I have effectively routed the OPV to the tank on its own, and the safety valve to a gap on the joining on the side - not ideal, but the safety valve should never trigger. If it does, turn your machine off as something is wrong. As it's stands, I can put everything back together as it originally was.

On the Elizabeth V3, I don't understand why it doesn't join the vacuum breaker outlet to the drip tray. I'll do that one day when the machine is out of warranty. IMO, a better solution, far more elegant. But I'm sure Lelit had their reasons.


----------



## SproFTW (Jul 24, 2021)

MediumRoastSteam said:


> There's a thread here. But that X connector should really be an Y connector, as one of the ports leads to the back of the steam tap for no reason. The other to the safety valve. But, because the X connector is higher than the safety valve, the water from the OPV "floods" the safety valve port. Safety valve gets hot, as it's attached to the boiler, and you hear hisses and gurgles.
> 
> there's nothing wrong with that, it's just poor design.
> 
> ...


 Very interesting, thanks for explaining. I think Lelit should name their next model in honor of you and Dave😉.

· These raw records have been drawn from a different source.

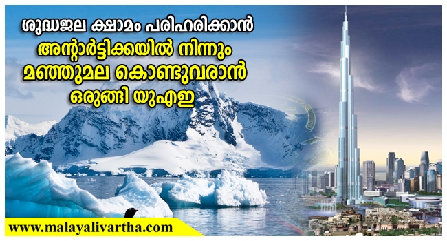 ഗള്ഫ് മേഖലയിലെ കുടിവെള്ള പ്രശ്നത്തിന് പരിഹാരം കണ്ടെത്താനായി സാഹസിക നീക്കത്തിന് ഒരുങ്ങുകയാണ് യുഎഇ. അന്റാര്ട്ടിക്കയിലെ മഞ്ഞുമലകള് വലിച്ചുകൊണ്ടു വരാനാണ് ഉദ്ദേശിക്കുന്നത്. ഈ നീക്കത്തെ ലോകം ആശ്ചര്യത്തോടെ ആണ് കാണുന്നത് പല സാഹസികതകള് പലതും കാണിച്ചു ലോകത്തെ ആശ്ചര്യപ്പെടുത്തുന്ന യുഎഇ യുടെ പുതിയ നീക്കം വളരെ ഗൗരവമേറിയതാണ്. മസ്ദര് സിറ്റി കേന്ദ്രമായ യുഎഇയിലെ സ്വകാര്യ കമ്പനിയായ നാഷണല് അഡൈ്വസര് ബ്യൂറോ ആണ് ഈ ഉദ്യമത്തിന് തുടക്കമിടുന്നത്. രാജ്യത്ത് രൂക്ഷമായ കുടിവെള്ള പ്രശ്നത്തിന് ഒരു പരിഹാരം എന്ന നിലയ്ക്കാണ് ഈ പദ്ധതി.
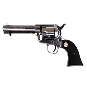 This authentic precision single action blank firing metal model has over 25 working parts and functions like the expensive original. Pull the hammer to half cock open the loading gate sin the cylinder load six 9mm (.380) blanks and your Old West stage prop revolver is ready for action. This piece is great for gun spinning or fast draw action shooting practice. It features a 4.75"" barrel assembled with black checkered composite grips and is available in either blued or deluxe nickel finish. You must be 18 years old to purchase this product and 21 to accept delivery. This product comes with basic eye and hearing protection. Please read the safety guidelines prior to use. Features Length: 10.5"" Weight: 2lbs Caliber: 9mm (.380) Blank Firing "
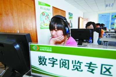 近年来,山东省烟台市把“让文化发展成果普惠于民”作为大力发展文化产业的落脚点,全市12个文化馆、149个文化站全部免费对市民开放,构建起覆盖城乡、资源共享的公共文化服务体系。图为6月2日,在烟台市图书馆,一位市民在公共电子阅览室登录网络图书馆查找资料。新华社记者 郭绪雷 摄
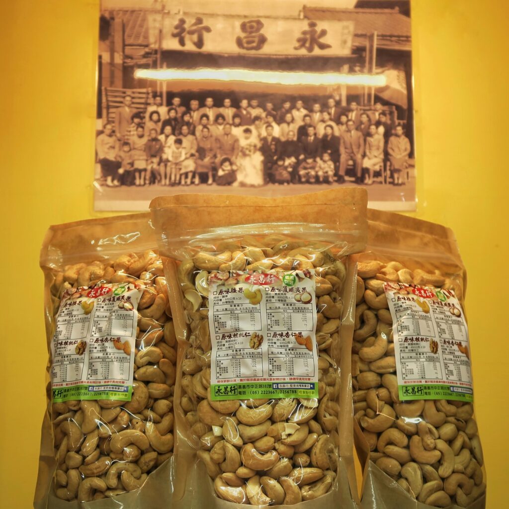 永昌行不只賣原料,也將選出來的好料,加工成方便嘉義人入口的商品,成分單純、少量鮮做,用自己的紅薏仁做爆紅薏仁、用自己的印尼腰果烤成大四喜
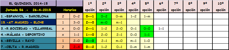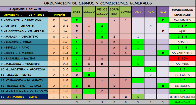 RESULTADOS QUINIELA JORNADA 47 Y QUINIGOL JORNADA 56,DOMINGO 26 ABRIL 2015.
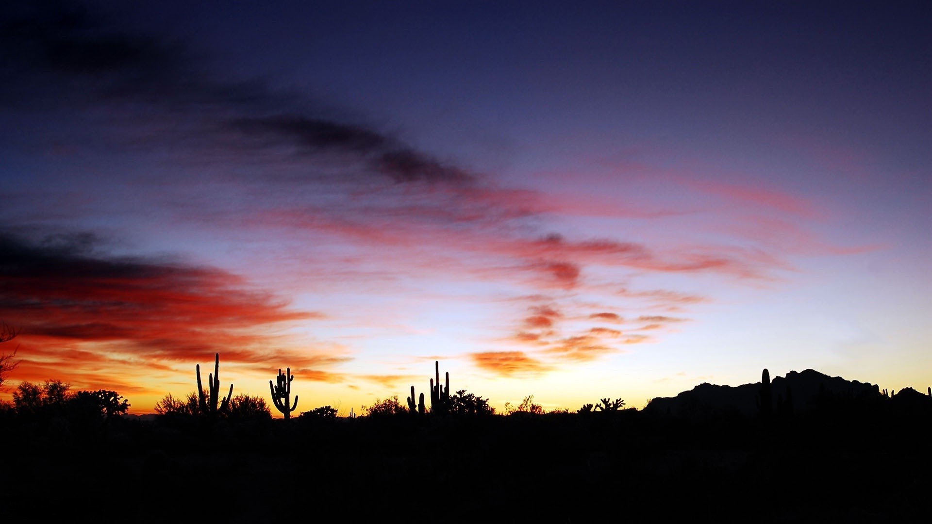 Silueta en el cielo. Anochecer y amanecer
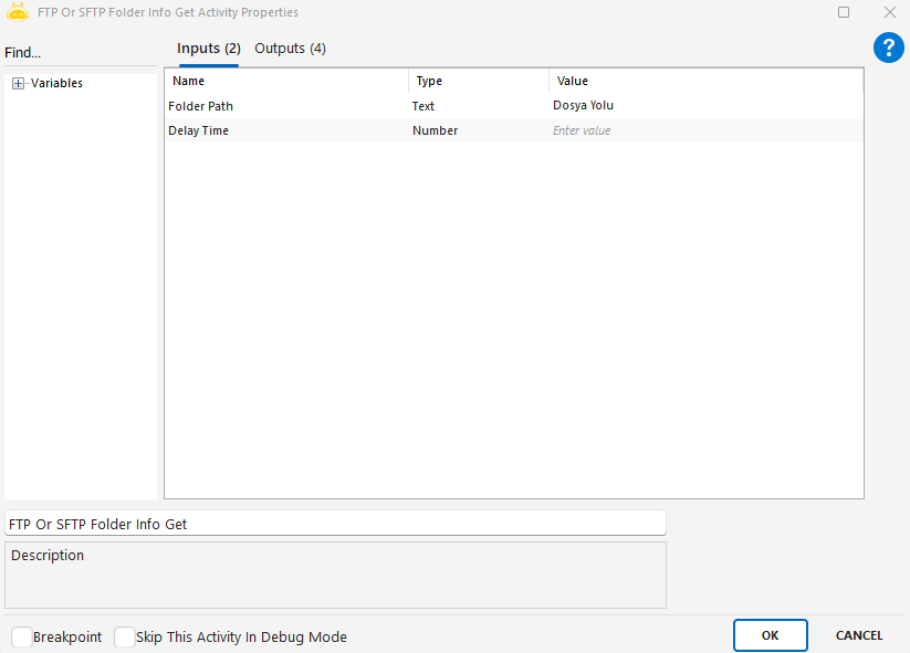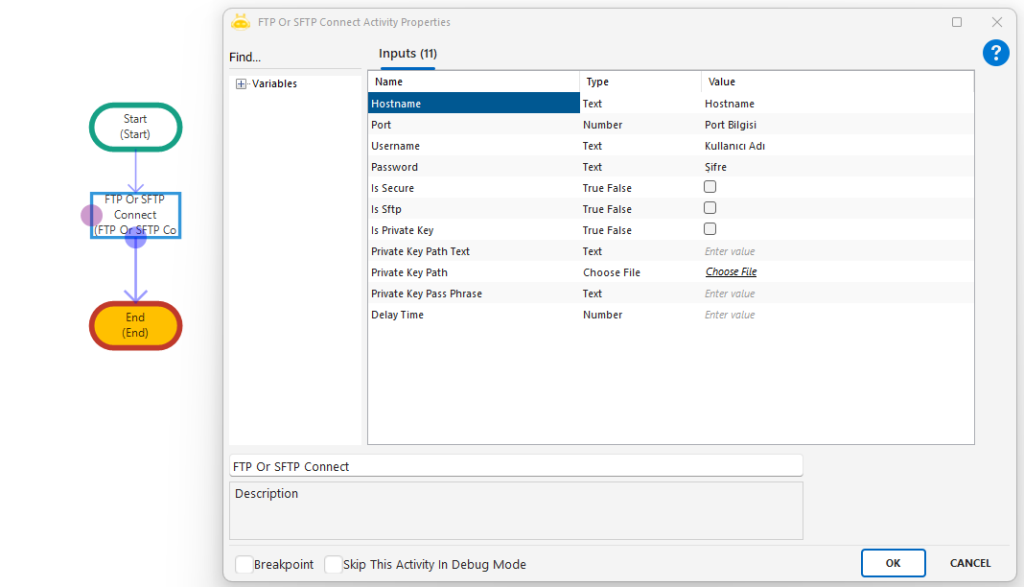 Not: Bu aktivite, senaryo içerisinde yapılacak klasör değiştirme, dosya listeleme, dosya indirme/yükleme gibi işlemlerden önce kullanılmalıdır. Kurulan bağlantı, diğer FTP/SFTP aktiviteleri tarafından otomatik olarak kullanılır.

Cheers from across the pond!


----------



## MCProtis (Feb 5, 2021)

MediumRoastSteam said:


> I have effectively routed the OPV to the tank on its own, and the safety valve to a gap on the joining on the side - not ideal, but the safety valve should never trigger. If it does, turn your machine off as something is wrong. As it's stands, I can put everything back together as it originally was.


 Let's see some pics!!


----------